## TASK BRIEF
Reproduce the listing exactly. Omit pictures.

*** Opening DATA TO EXAMINE ***

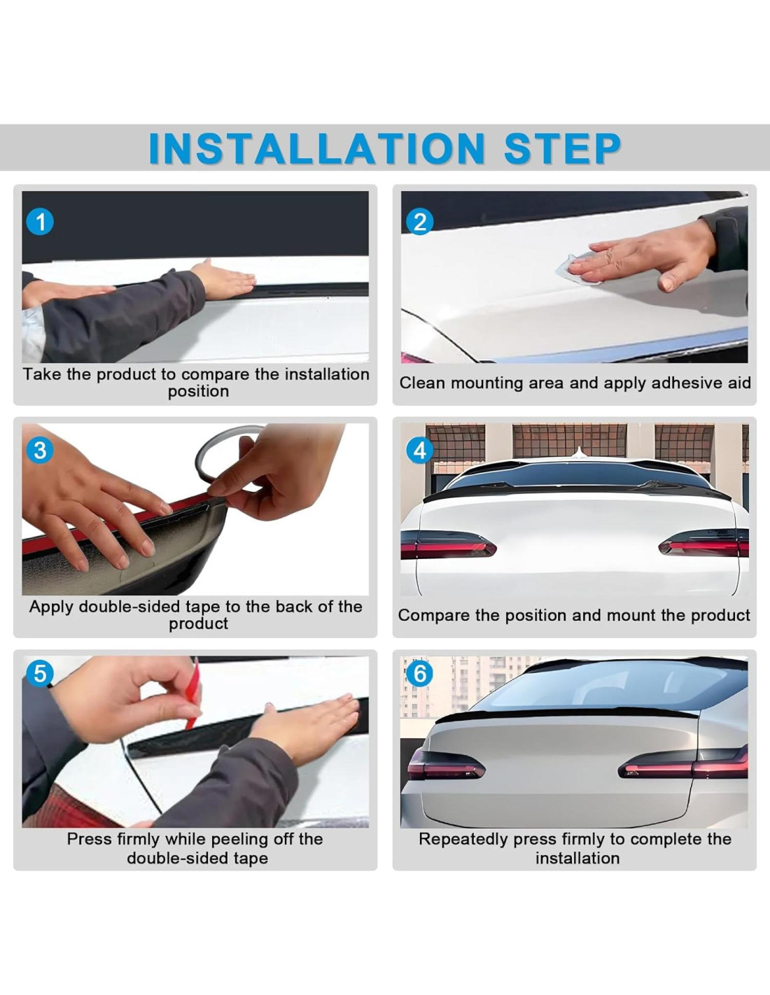 - Instalación Sin Complicaciones: No se requiere perforación ni corte. El alerón negro brillante para G02 es para una instalación sencilla de bricolaje. 1. Use una toalla limpia para limpiar el área de montaje 2. Mida y marque la ubicación a instalar 3. Después de que la ubicación sea correcta, retire la cinta de doble cara e instálelo mientras presiona 4. Después de la instalación, puede presionar nuevamente para hacer que el alerón trasero se ajuste más firmemente
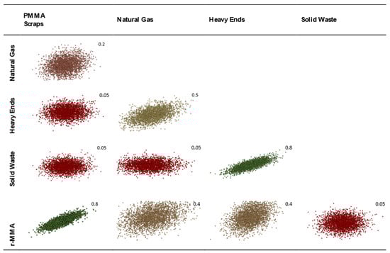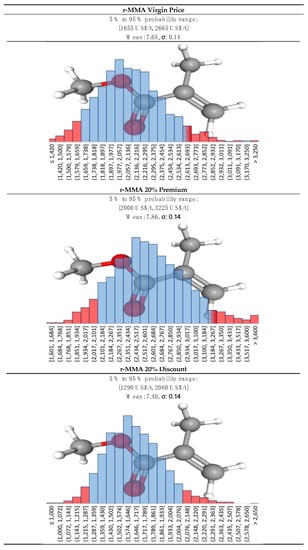 - Based on production price index-adjusted historical data, set a statistical distribution for the future price of raw materials (PMMA, natural gas), waste (solid wastes and heavy ends), and product (r-MMA);
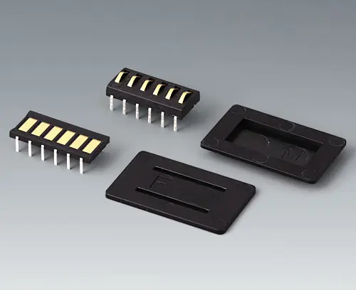 Accessoires universels qui facilitent considérablement le montage de contacts pour la transmission de données et du courant de charge entre le boitier et le socle. Disponibles en accessoires sous forme de jeu de deux plaques support en matière plastique pour loger des fiches modulaires à 6 contacts (version « femelle » pour le boitier et « mâle » pour le socle).
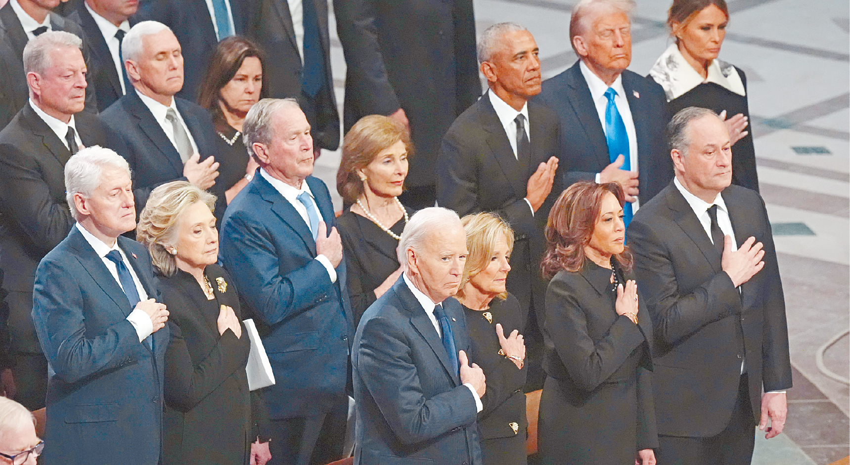 ▲已故前总统卡特举行国葬,5位现任及前任总统罕有齐聚华盛顿国家大教堂,一同向卡特致敬。 美联社
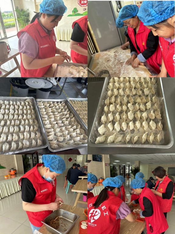 利用表演节目的时间社工和志愿者们在厨房为残疾人制作手工水饺,你拌馅子我擀皮,一个个圆鼓鼓的水饺从志愿者的手中诞生。观看完精彩的演出后,一盘盘香喷喷的饺子端上餐桌,残疾人品尝着美味可口的饺子,大家有说有笑,现场气氛其乐融融。

*** Closing DATA TO EXAMINE ***

## TASK RESULT
 - Instalación Sin Complicaciones: No se requiere perforación ni corte. El alerón negro brillante para G02 es para una instalación sencilla de bricolaje. 1. Use una toalla limpia para limpiar el área de montaje 2. Mida y marque la ubicación a instalar 3. Después de que la ubicación sea correcta, retire la cinta de doble cara e instálelo mientras presiona 4. Después de la instalación, puede presionar nuevamente para hacer que el alerón trasero se ajuste más firmemente
 - Based on production price index-adjusted historical data, set a statistical distribution for the future price of raw materials (PMMA, natural gas), waste (solid wastes and heavy ends), and product (r-MMA);
 Accessoires universels qui facilitent considérablement le montage de contacts pour la transmission de données et du courant de charge entre le boitier et le socle. Disponibles en accessoires sous forme de jeu de deux plaques support en matière plastique pour loger des fiches modulaires à 6 contacts (version « femelle » pour le boitier et « mâle » pour le socle).
 ▲已故前总统卡特举行国葬,5位现任及前任总统罕有齐聚华盛顿国家大教堂,一同向卡特致敬。 美联社
 利用表演节目的时间社工和志愿者们在厨房为残疾人制作手工水饺,你拌馅子我擀皮,一个个圆鼓鼓的水饺从志愿者的手中诞生。观看完精彩的演出后,一盘盘香喷喷的饺子端上餐桌,残疾人品尝着美味可口的饺子,大家有说有笑,现场气氛其乐融融。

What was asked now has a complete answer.